* [What you are asked to do]: So that the copy stays text only, transcribe the data below exactly and exclude the images.

* [Collected material]:

_ _ _ _

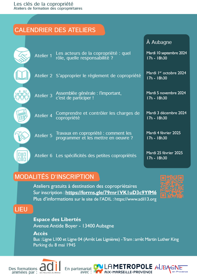 Inscriptions sur le site de l’ADIL : https://www.adil13.org/cles-copropriete/
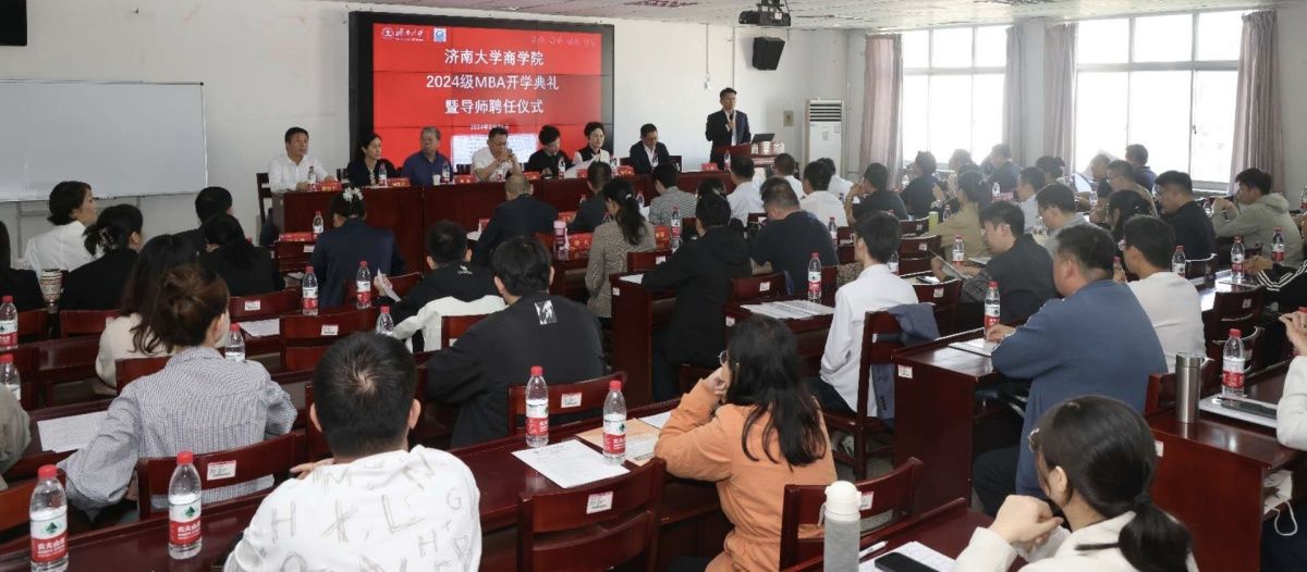 9月21日,永利yl23411官网2024级MBA开学典礼暨导师聘任仪式在永利yl23411官网舜耕校区举行。全国MBA教育指导委员会秘书处办公室主任王萍、永利yl23411官网副校长陈月辉、山东大学讲席教授何佳、泰山学院副院长张守凤、诚通人力资源公司高级咨询顾问经理马建斌、山东省宏观经济研究院社会研究所所长孙明霞、山东管理学院会计学院院长邱兆学、河北经贸大学经济管理学院副教授王文福、山东发展新能源有限公司企业管理部部长闫乃福、山东警察学院科研处副处长李绍昆、中国铁建投资集团山东分公司副总经理蔡涛、山东华宸股权投资管理有限公司投资总监张光明、山东省科技咨询中心有限公司董事长兼总经理魏正杰、山东管理学院会计学院教授荣丽丽、山东女子学院数字经济研究所所长刘洋、山东正立创业服务有限公司总经理李娟出席典礼,永利yl23411官网研究生院、商学院相关负责人、MBA校内导师、2024级MBA新学员参加典礼。开学典礼由商学院院长韦倩主持。
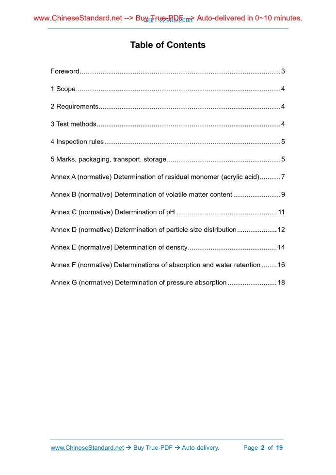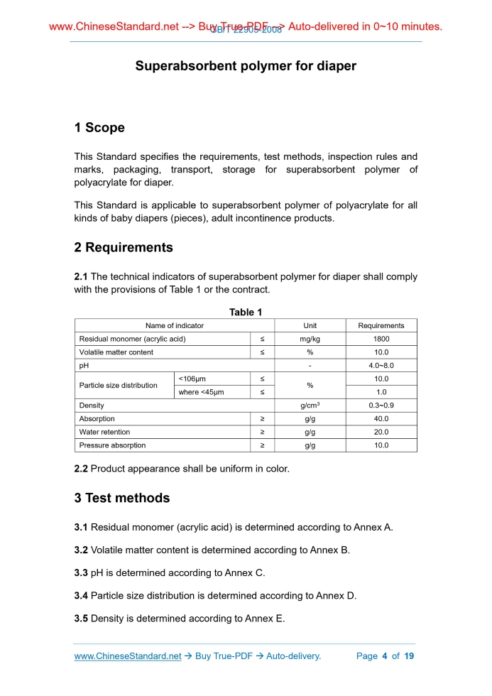 Similar standardsGB/T 22905-2008: Superabsorbent polymer for diaper---This is an excerpt. Full copy of true-PDF in English version (including equations, symbols, images, flow-chart, tables, and figures etc.), auto-downloaded/delivered in 9 seconds, can be purchased online: https://www.ChineseStandard.net/PDF.aspx/GBT22905-2008GB NATIONAL STANDARD OF THE PEOPLE’S REPUBLIC OF CHINA ICS 85.080 Y 39 Superabsorbent polymer for diaper 纸尿裤高吸收性树脂 Issued on: DECEMBER 30, 2008 Implemented on: SEPTEMBER 01, 2009 Issued by. General Administration of Quality Supervision, Inspection and Quarantine; Standardization Administration of the People's Republic of China. Table of ContentsForeword ... 3 1 Scope ... 4 2 Requirements ... 4 3 Test methods ... 4 4 Inspection rules ... 5 5 Marks, packaging, transport, storage ... 5 Annex A (normative) Determination of residual monomer (acrylic acid) ... 7 Annex B (normative) Determination of volatile matter content ... 9 Annex C (normative) Determination of pH ... 11 Annex D (normative) Determination of particle size distribution ... 12 Annex E (normative) Determination of density ... 14 Annex F (normative) Determinations of absorption and water retention ... 16 Annex G (normative) Determination of pressure absorption ... 18ForewordAnnex A, Annex B, Annex C, Annex D, Annex E, Annex F, Annex G of this Standard are normative. This Standard was proposed by China Light Industry Federation. This Standard shall be under the jurisdiction of National Technical Committee on Paper Industry of Standardization Administration of China. Main drafting organizations of this Standard. China Pulp and Paper Research Institute, Jinan Haoyue Suction Material Co., Ltd., National Paper Quality Supervision and Inspection Center. The drafting organizations of this Standard. Sanda Fine Chemicals (Nantong) Co., Ltd., BASF (China) Investment Co., Ltd., Formosa Plastics Resin (Ningbo) Co., Ltd., Kimberly (China) Co., Ltd., Guangzhou P&G Co., Ltd., Fujian Hengan Group Co., Ltd., Evonik Degussa (China) Investment Co., Ltd., Kao (China) Investment Co., Ltd., Ritong Chemical (Zhangjiagang) Co., Ltd., Quanzhou Banglida Technology Industrial Co., Ltd., You Nijia Daily Necessities (China) Co., Ltd. Main drafters of this Standard. Gao Jun, Yang Zhiliang, Zhou Junfeng. Superabsorbent polymer for diaper1 ScopeThis Standard specifies the requirements, test methods, inspection rules and marks, packaging, transport, storage for superabsorbent polymer of polyacrylate for diaper. This Standard is applicable to superabsorbent polymer of polyacrylate for all kinds of baby diapers (pieces), adult incontinence products.2 Requirements2.1 The technical indicators of superabsorbent polymer for diaper shall comply with the provisions of Table 1 or the contract. Table 1 Name of indicator Unit Requirements Residual monomer (acrylic acid) ≤ mg/kg 1800 Volatile matter content ≤ % 10.0 pH - 4.0~8.0 Particle size distribution < 106µm ≤ % 10.0 where < 45µm ≤ 1.0 Density g/cm3 0.3~0.9 Absorption ≥ g/g 40.0 Water retention ≥ g/g 20.0 Pressure absorption ≥ g/g 10.0 2.2 Product appearance shall be uniform in color.3 Test methods3.1 Residual monomer (acrylic acid) is determined according to Annex A. 3.2 Volatile matter content is determined according to Annex B. 3.3 pH is determined according to Annex C. 3.4 Particle size distribution is determined according to Annex D. 3.5 Density is determined according to Annex E. 3.6 Appearance. place the specimen under normal light for visual inspection. 3.7 The amount of absorption and water retention are determined according to Annex F. 3.8 The amount of pressure absorption is determined according to Annex G.4 Inspection rules4.1 The production batch of one time is a batch. 4.2 Perform sampling evenly from the same batch and not less than 3 packaging bags. The sampling amount shall be 1 kg. 4.3 The product shall be inspected according to this Standard or contract before leaving the factory. If there is a non-conformity after inspection, the sampling shall be doubled and the unqualified item shall be re-inspected. The results of re-inspection shall be the final inspection results. 4.4 The supplier (hereinafter referred to as the supplier) shall ensure that the product quality complies with this Standard or the contract. Product quality certificate shall be attached to the delivery. 4.5 The purchaser (hereinafter referred to as the purchaser) has the right to inspect the product in accordance with this Standard or the contract. If there is any objection to the quality of the product, the supplier shall be notified within one month of arrival (or as specified in the contract). The supplier shall handle it in time. If necessary, the sampling shall be performed by the supplier and the purchaser together for the re-inspection. If the re-inspection result does not comply with this Standard or the contract, it is determined as unqualified and shall be handled by the supplier. If the re-inspection result meets the requirements of this Standard or the contract, it shall be determined as qualified and shall be handled by the purchaser. If the two parties still have disputes over the results of the re-inspection, they shall submit to the higher-level testing institutions approved by both parties for arbitration. The arbitration results shall be as the basis for final determination.5 Marks, packaging, transport, storage5.1 The product marks, packaging shall be performed according to 5.2 or the contract. 5.2 Products shall be packaged in bags with lined plastic film. The packaging bag shall have sufficient strength to ensure that it shall not break or fall off during use. Each batch of products shall be accompanied by a quality certificate, indicating manufacturer's name, product name, trademark, date of production, packaging quantity, inspection result and standard number used. 5.3 During product transport, it shall use rainproof, moisture proof, clean transportati

_ _ _ _

* [Your solution]:
 Inscriptions sur le site de l’ADIL : https://www.adil13.org/cles-copropriete/
 9月21日,永利yl23411官网2024级MBA开学典礼暨导师聘任仪式在永利yl23411官网舜耕校区举行。全国MBA教育指导委员会秘书处办公室主任王萍、永利yl23411官网副校长陈月辉、山东大学讲席教授何佳、泰山学院副院长张守凤、诚通人力资源公司高级咨询顾问经理马建斌、山东省宏观经济研究院社会研究所所长孙明霞、山东管理学院会计学院院长邱兆学、河北经贸大学经济管理学院副教授王文福、山东发展新能源有限公司企业管理部部长闫乃福、山东警察学院科研处副处长李绍昆、中国铁建投资集团山东分公司副总经理蔡涛、山东华宸股权投资管理有限公司投资总监张光明、山东省科技咨询中心有限公司董事长兼总经理魏正杰、山东管理学院会计学院教授荣丽丽、山东女子学院数字经济研究所所长刘洋、山东正立创业服务有限公司总经理李娟出席典礼,永利yl23411官网研究生院、商学院相关负责人、MBA校内导师、2024级MBA新学员参加典礼。开学典礼由商学院院长韦倩主持。
 Similar standardsGB/T 22905-2008: Superabsorbent polymer for diaper---This is an excerpt. Full copy of true-PDF in English version (including equations, symbols, images, flow-chart, tables, and figures etc.), auto-downloaded/delivered in 9 seconds, can be purchased online: https://www.ChineseStandard.net/PDF.aspx/GBT22905-2008GB NATIONAL STANDARD OF THE PEOPLE’S REPUBLIC OF CHINA ICS 85.080 Y 39 Superabsorbent polymer for diaper 纸尿裤高吸收性树脂 Issued on: DECEMBER 30, 2008 Implemented on: SEPTEMBER 01, 2009 Issued by. General Administration of Quality Supervision, Inspection and Quarantine; Standardization Administration of the People's Republic of China. Table of ContentsForeword ... 3 1 Scope ... 4 2 Requirements ... 4 3 Test methods ... 4 4 Inspection rules ... 5 5 Marks, packaging, transport, storage ... 5 Annex A (normative) Determination of residual monomer (acrylic acid) ... 7 Annex B (normative) Determination of volatile matter content ... 9 Annex C (normative) Determination of pH ... 11 Annex D (normative) Determination of particle size distribution ... 12 Annex E (normative) Determination of density ... 14 Annex F (normative) Determinations of absorption and water retention ... 16 Annex G (normative) Determination of pressure absorption ... 18ForewordAnnex A, Annex B, Annex C, Annex D, Annex E, Annex F, Annex G of this Standard are normative. This Standard was proposed by China Light Industry Federation. This Standard shall be under the jurisdiction of National Technical Committee on Paper Industry of Standardization Administration of China. Main drafting organizations of this Standard. China Pulp and Paper Research Institute, Jinan Haoyue Suction Material Co., Ltd., National Paper Quality Supervision and Inspection Center. The drafting organizations of this Standard. Sanda Fine Chemicals (Nantong) Co., Ltd., BASF (China) Investment Co., Ltd., Formosa Plastics Resin (Ningbo) Co., Ltd., Kimberly (China) Co., Ltd., Guangzhou P&G Co., Ltd., Fujian Hengan Group Co., Ltd., Evonik Degussa (China) Investment Co., Ltd., Kao (China) Investment Co., Ltd., Ritong Chemical (Zhangjiagang) Co., Ltd., Quanzhou Banglida Technology Industrial Co., Ltd., You Nijia Daily Necessities (China) Co., Ltd. Main drafters of this Standard. Gao Jun, Yang Zhiliang, Zhou Junfeng. Superabsorbent polymer for diaper1 ScopeThis Standard specifies the requirements, test methods, inspection rules and marks, packaging, transport, storage for superabsorbent polymer of polyacrylate for diaper. This Standard is applicable to superabsorbent polymer of polyacrylate for all kinds of baby diapers (pieces), adult incontinence products.2 Requirements2.1 The technical indicators of superabsorbent polymer for diaper shall comply with the provisions of Table 1 or the contract. Table 1 Name of indicator Unit Requirements Residual monomer (acrylic acid) ≤ mg/kg 1800 Volatile matter content ≤ % 10.0 pH - 4.0~8.0 Particle size distribution < 106µm ≤ % 10.0 where < 45µm ≤ 1.0 Density g/cm3 0.3~0.9 Absorption ≥ g/g 40.0 Water retention ≥ g/g 20.0 Pressure absorption ≥ g/g 10.0 2.2 Product appearance shall be uniform in color.3 Test methods3.1 Residual monomer (acrylic acid) is determined according to Annex A. 3.2 Volatile matter content is determined according to Annex B. 3.3 pH is determined according to Annex C. 3.4 Particle size distribution is determined according to Annex D. 3.5 Density is determined according to Annex E. 3.6 Appearance. place the specimen under normal light for visual inspection. 3.7 The amount of absorption and water retention are determined according to Annex F. 3.8 The amount of pressure absorption is determined according to Annex G.4 Inspection rules4.1 The production batch of one time is a batch. 4.2 Perform sampling evenly from the same batch and not less than 3 packaging bags. The sampling amount shall be 1 kg. 4.3 The product shall be inspected according to this Standard or contract before leaving the factory. If there is a non-conformity after inspection, the sampling shall be doubled and the unqualified item shall be re-inspected. The results of re-inspection shall be the final inspection results. 4.4 The supplier (hereinafter referred to as the supplier) shall ensure that the product quality complies with this Standard or the contract. Product quality certificate shall be attached to the delivery. 4.5 The purchaser (hereinafter referred to as the purchaser) has the right to inspect the product in accordance with this Standard or the contract. If there is any objection to the quality of the product, the supplier shall be notified within one month of arrival (or as specified in the contract). The supplier shall handle it in time. If necessary, the sampling shall be performed by the supplier and the purchaser together for the re-inspection. If the re-inspection result does not comply with this Standard or the contract, it is determined as unqualified and shall be handled by the supplier. If the re-inspection result meets the requirements of this Standard or the contract, it shall be determined as qualified and shall be handled by the purchaser. If the two parties still have disputes over the results of the re-inspection, they shall submit to the higher-level testing institutions approved by both parties for arbitration. The arbitration results shall be as the basis for final determination.5 Marks, packaging, transport, storage5.1 The product marks, packaging shall be performed according to 5.2 or the contract. 5.2 Products shall be packaged in bags with lined plastic film. The packaging bag shall have sufficient strength to ensure that it shall not break or fall off during use. Each batch of products shall be accompanied by a quality certificate, indicating manufacturer's name, product name, trademark, date of production, packaging quantity, inspection result and standard number used. 5.3 During product transport, it shall use rainproof, moisture proof, clean transportati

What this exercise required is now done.